Иногда мне не удается взлететь. Раз пять пытаюсь разбежаться, подпрыгиваю и шлепаюсь опять на землю. В этот момент я просыпаюсь с ужасной головной болью и чувством жесточайшего грехопадения. И целый день ходишь, как шуруп, вколоченный в троллейбус, не зная чем заняться, как себя оградить от навязчивых идей всемогущества и царства на земле, пока не настают сумерки. Тут, ты опять, оплакивая всех земноводных и простив миру все, отъезжаешь в аэродинамический сон.

 Но сны снами, а в реальности все намного скучнее и предсказуемее. Не только не летишь, а иногда даже не едешь. Порой бывает, что даже не идешь, а только сидишь и ешь. Но это хорошо, когда есть дома суп и стул. Иногда и этого не бывает. Тогда ложишься на пол и стараешься заснуть. Но часто нет и сна, а лежать на полу холодно и вредно. В конце концов, встаешь и идешь к своему двоюродному брату Вадику. А он вместо того, чтобы тебя угостить кизиловым вареньем, пересказывает статью, которую прочитал в журнале "Наука и жизнь" за 1976 год:

– Представляешь, оказывается, человек может летать. Самое сложное – это взлет. Если сможешь удержать свое тело в течение шести секунд в воздухе, то можно сказать – полетел. Есть правда два условия.

Первое: при планировании нужно смотреть только вперед, и чтобы голова находилась на двадцать пять градусов выше прямой линии позвоночника.

Второе: обязательно должна при этом присутствовать вера, без нее ничего не получится.

– У меня нет никакой знакомой Веры, – иронично промямлил я и вышел из квартиры брата, злой и голодный.


 Целый день я ходил кругами по ненавистному мне городу и ждал наступления темноты. Но в ближайшую ночь мне ничего не приснилось, а в последующие – не спалось вообще.

 Тут я измотанный и истощенный решился покончить со всем этим. Вышел из дома и пошел в направлении набережного холма. Там был обрыв, и можно было легко шмыгнуть под откос. Так я и сделал. Но в тот момент, когда я разбегался, чтобы как можно дальше сделать прыжок, неожиданно вспомнил о статье в журнале и попробовал испытать ее на себе. Терять было уже нечего, не было и страха, а только какое-то погребальное любопытство к эксперименту.

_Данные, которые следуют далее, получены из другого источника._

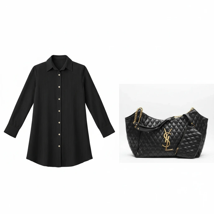 در کنار این شومیز، کیف YSL مشکی با طراحی شیک و لاکچری قرار دارد که جلوه استایل شما را کامل میکند.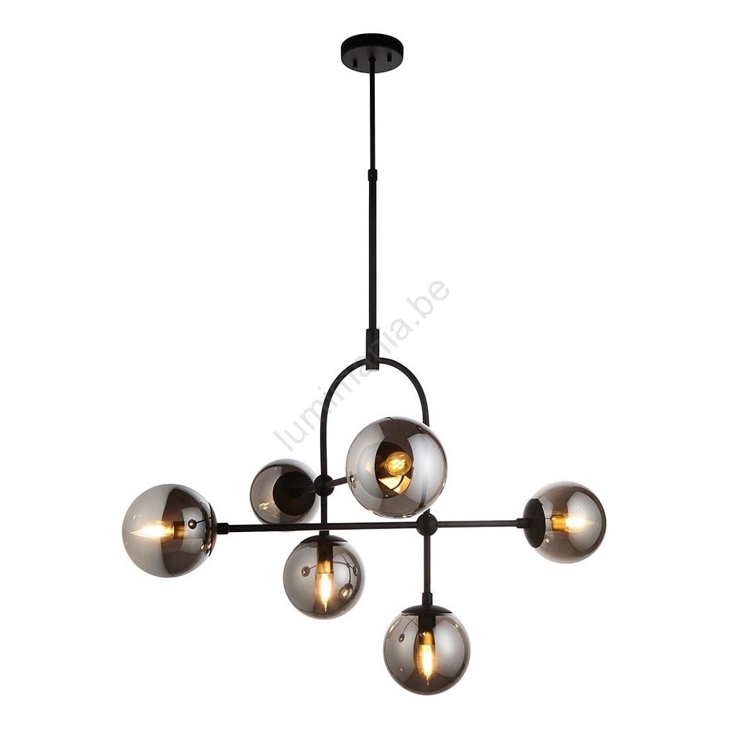 Endon 106661 - Suspension sur tige ONTARIO 6xE14/7W/230V noir/noir fumé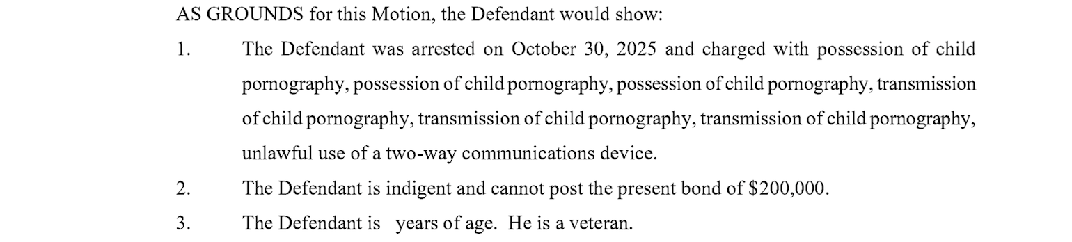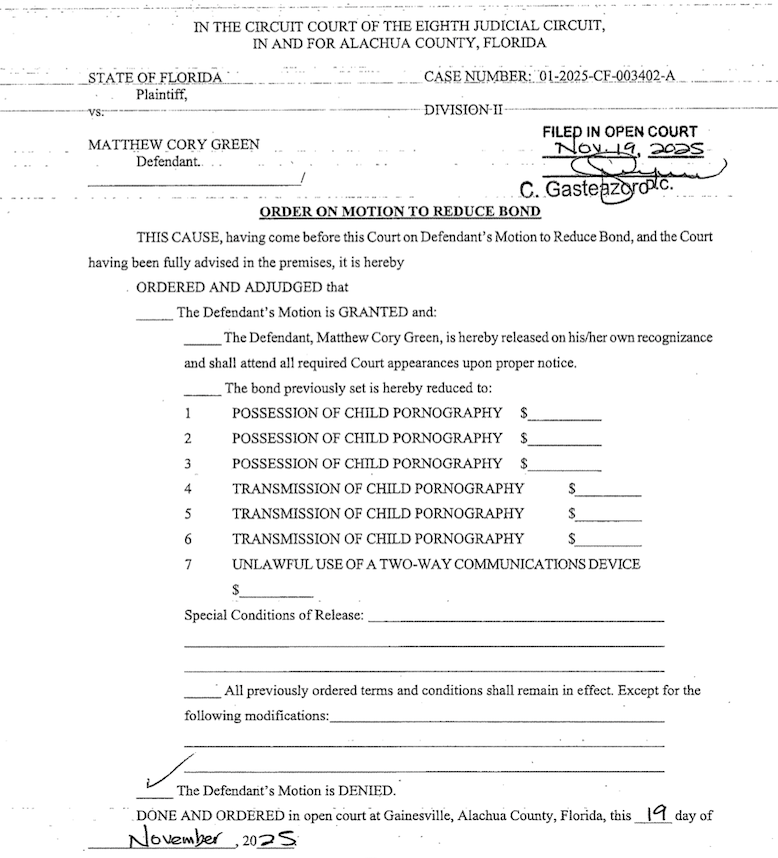 On November 12, Matthew Cory Green, 56, motioned to reduce his bond of $200,000 for his three counts of possessing and three counts of digitally transmitting child sexual abuse material, in addition to a count of using a two-way communication device to facilitate a felony.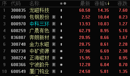 7月24日,稀土永磁概念早盘走强,北方稀土开盘后快速拉升,中科三环9:38封住涨停,金力永磁、银河磁体、宁波韵升等多只个股跟涨。

 Самое удивительное, что я действительно полетел. Шесть, двенадцать, двадцать четыре, шестьдесят секунд позади. Пять минут, десять, полчаса минули, а я все лечу. У меня не было ни удивления, ни радости, а просто состояние полного безразличия и отрешенности от самого себя.

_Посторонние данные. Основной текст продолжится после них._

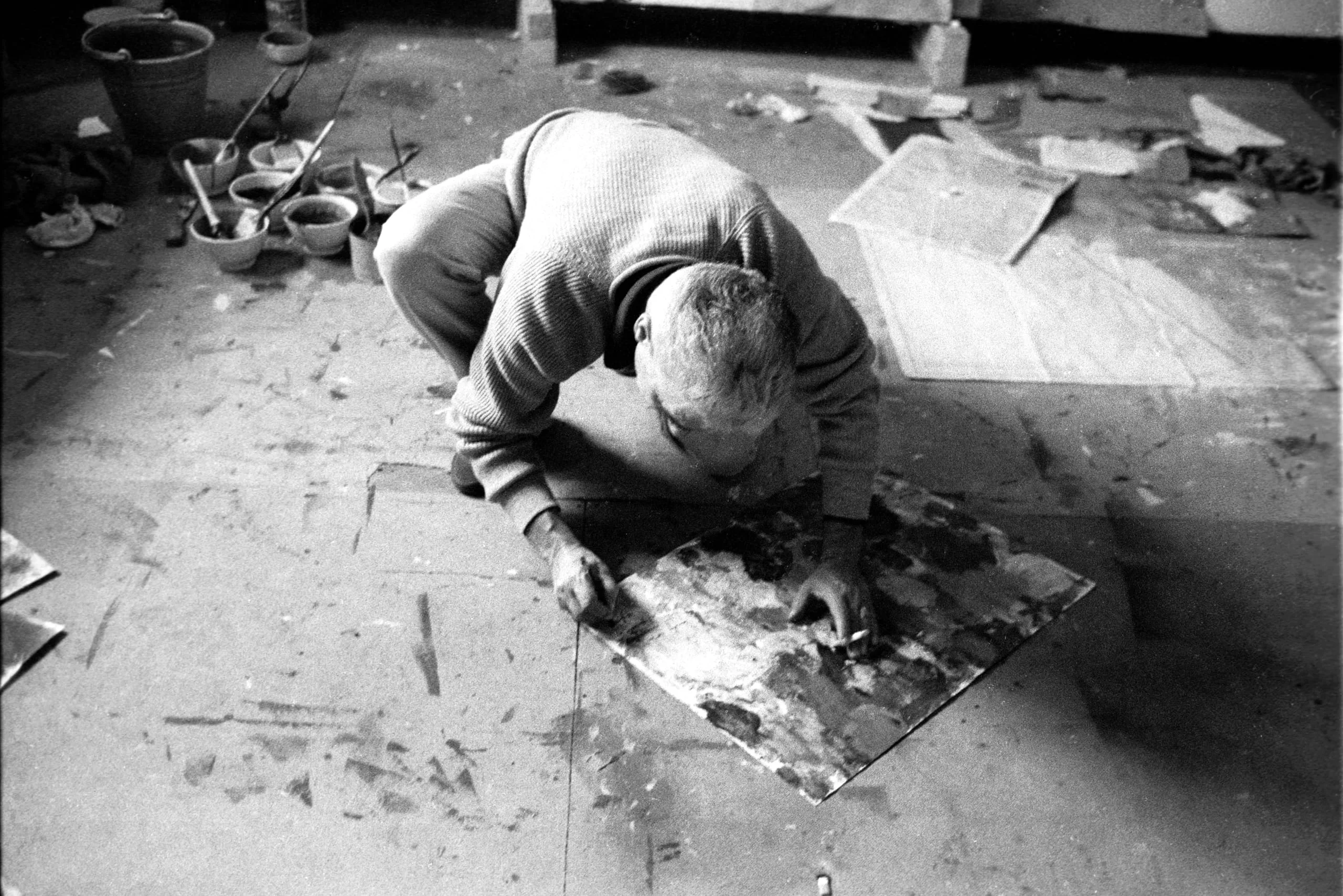 Black and white photograph of a man kneeling on a paint-splattered studio floor, hunched over a small canvas, working with a brush or tool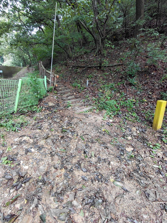 사방댐의 우측에 계단이 보입니다.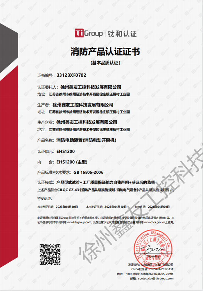徐州鑫友工控科技發(fā)展有限公司成立于2008年,占地31600平方米,全資子公司:江蘇良紫工程科技有限公司,旗下 有“鑫友”及“MASTER.W主人窗控”兩個(gè)品牌系列,公司全面貫徹執(zhí)行IS09001:2015質(zhì)量管理體系標(biāo)準(zhǔn),產(chǎn)品順利通過(guò)歐盟CE認(rèn)證和中國(guó)***消防電子產(chǎn)品認(rèn)證,通過(guò)可燃性粉塵環(huán)境下、爆炸性環(huán)境下防爆合格產(chǎn)品檢驗(yàn)。排煙天窗整窗通過(guò)***消防產(chǎn)品質(zhì)量監(jiān)督檢驗(yàn)中心檢測(cè)。先后獲得多項(xiàng)******及榮譽(yù)證書(shū)。集研發(fā)、加工、生產(chǎn)、制造、銷售、安裝及售后于一體,是一家高起點(diǎn)、研發(fā)能力強(qiáng)的專業(yè)智能化***技術(shù)企業(yè)。
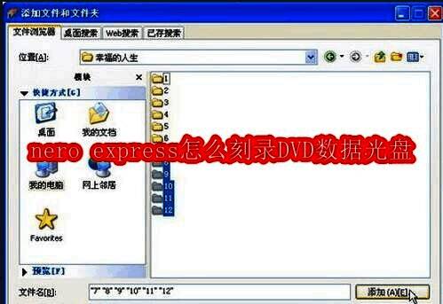 打开“添加文件和文件夹”窗口,找到并选中准备刻录到DVD光盘的文件或文件夹,并单击“添加”按钮。注意所添加的文件总量不能超过DVD光盘的总容量,完成添加后单击“关闭”按钮,如图,“添加文件和文件夹”窗口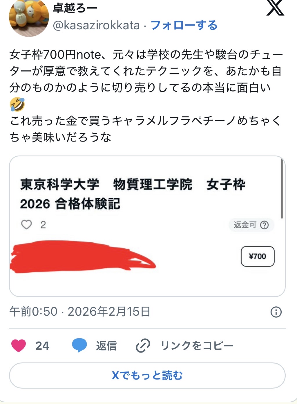 女子枠700円note、元々は学校の先生や駿台のチューターが厚意で教えてくれたテクニックを、あたかも自分のものかのように切り売りしてるの本当に面白い🤣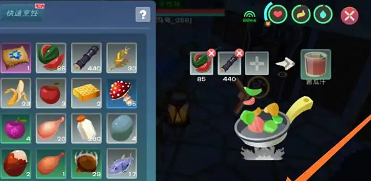 除了基础的西瓜汁配方,西瓜还能与其他材料组合制作更高级的饮品。例如加入珍珠和牛奶可以制成西瓜奶茶,提供45点食物和30点水分;与蜂蜜混合能制作西瓜沙冰,恢复40点食物和30点水分。但这些进阶配方需要额外收集特定材料,且恢复效果与基础西瓜汁存在差异。玩家可根据实际需求选择制作不同等级的西瓜类饮品。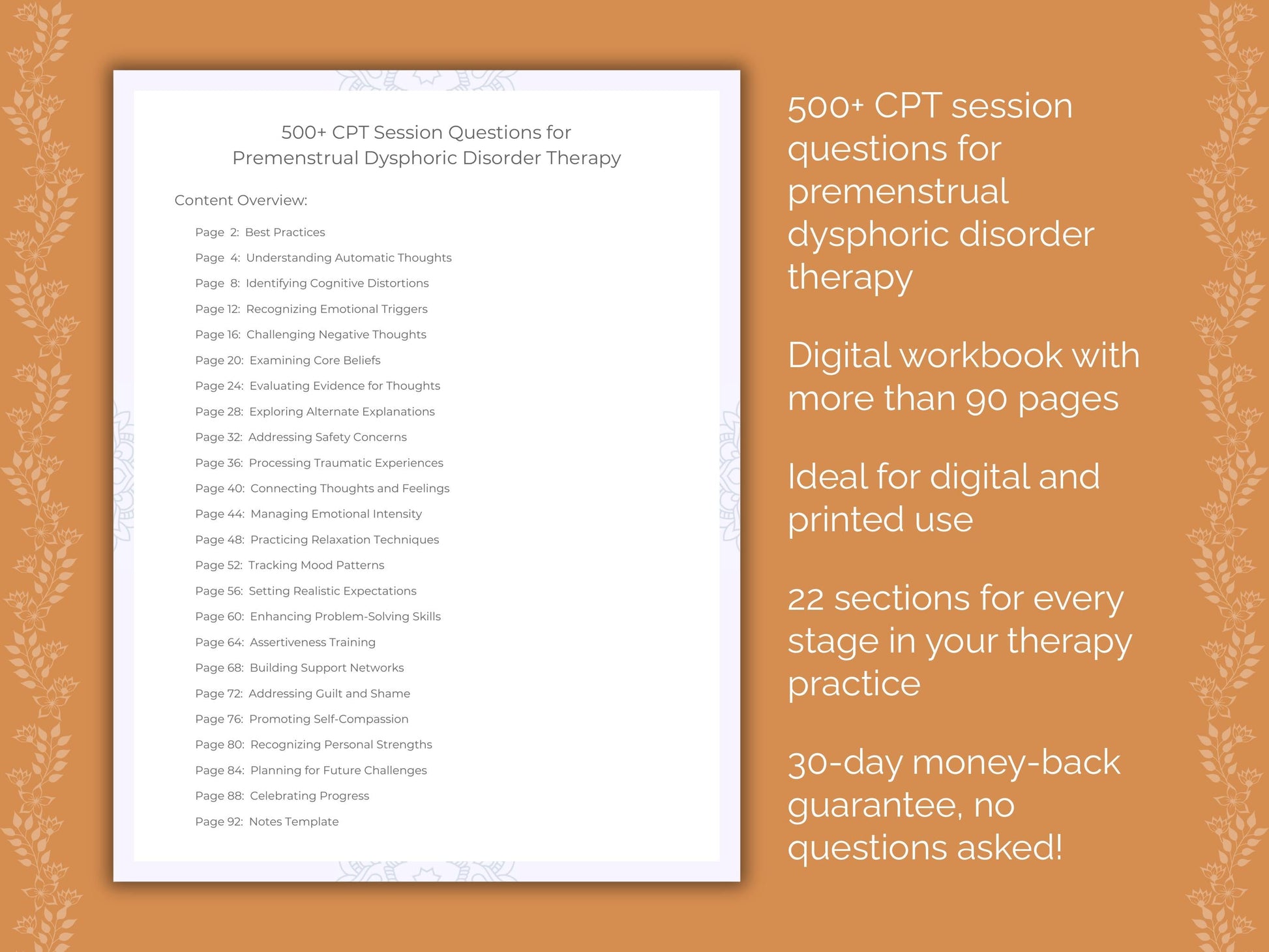 Our workbook covers over 500 unique CPT session questions for premenstrual dysphoric disorder therapy in 22 sections, including:

 А вот и первый город. Немного снижаюсь и сажусь на крышу двенадцатиэтажного дома. Посидев там с минуту, прыгаю с него и, пролетев над дворовой футбольной площадкой, опускаюсь, чтобы ошарашить своим неожиданным появлением играющих в мяч. Но никто меня не замечает. Тогда я, слегка ошеломленный непонятным безразличием футболистов, разбегаюсь, чтобы опять взлететь. Мне это легко удается, и, набрав нужную высоту, отправляюсь в следующий город. Несколько селений  минуло, но картина была все та же: одинаковые дома и одинаково грустные люди. Но самое главное, что меня нигде не замечали, как будто меня не существовало вовсе.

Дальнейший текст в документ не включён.